**Exercise directions:** Only the lines from the beginning of the data through the one with "會考輔考強師思岑老師將帶著孩" belong in the answer, each retyped exactly, with pictures left out.

---- Source material

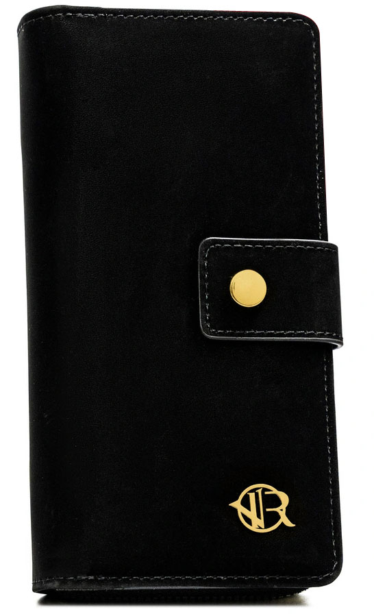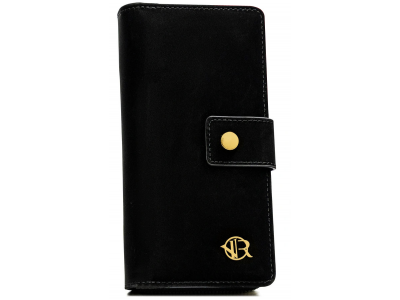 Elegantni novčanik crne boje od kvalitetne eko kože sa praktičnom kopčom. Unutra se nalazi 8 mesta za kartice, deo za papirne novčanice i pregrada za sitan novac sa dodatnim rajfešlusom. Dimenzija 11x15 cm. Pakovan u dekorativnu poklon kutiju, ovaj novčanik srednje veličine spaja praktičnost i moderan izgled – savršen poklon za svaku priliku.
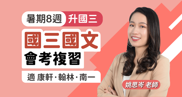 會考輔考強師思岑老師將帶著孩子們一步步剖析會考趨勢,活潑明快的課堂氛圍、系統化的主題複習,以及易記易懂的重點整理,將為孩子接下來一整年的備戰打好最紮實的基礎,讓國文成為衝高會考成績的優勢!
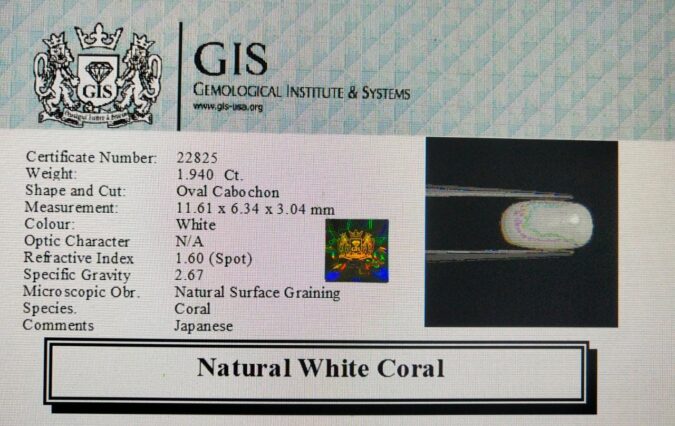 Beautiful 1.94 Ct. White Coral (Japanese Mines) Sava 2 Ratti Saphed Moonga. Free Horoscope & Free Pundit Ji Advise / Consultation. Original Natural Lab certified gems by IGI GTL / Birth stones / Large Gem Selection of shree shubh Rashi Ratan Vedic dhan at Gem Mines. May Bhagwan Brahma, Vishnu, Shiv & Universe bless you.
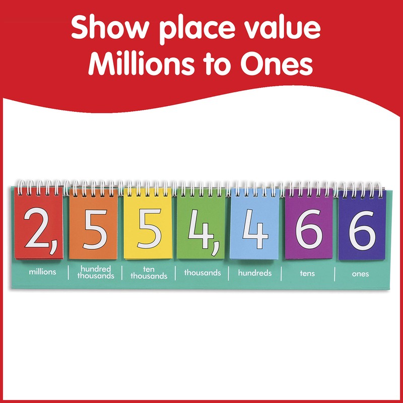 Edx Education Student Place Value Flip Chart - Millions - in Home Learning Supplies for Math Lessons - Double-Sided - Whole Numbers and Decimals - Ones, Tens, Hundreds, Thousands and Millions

--------

**Written answer:**
 Elegantni novčanik crne boje od kvalitetne eko kože sa praktičnom kopčom. Unutra se nalazi 8 mesta za kartice, deo za papirne novčanice i pregrada za sitan novac sa dodatnim rajfešlusom. Dimenzija 11x15 cm. Pakovan u dekorativnu poklon kutiju, ovaj novčanik srednje veličine spaja praktičnost i moderan izgled – savršen poklon za svaku priliku.
 會考輔考強師思岑老師將帶著孩子們一步步剖析會考趨勢,活潑明快的課堂氛圍、系統化的主題複習,以及易記易懂的重點整理,將為孩子接下來一整年的備戰打好最紮實的基礎,讓國文成為衝高會考成績的優勢!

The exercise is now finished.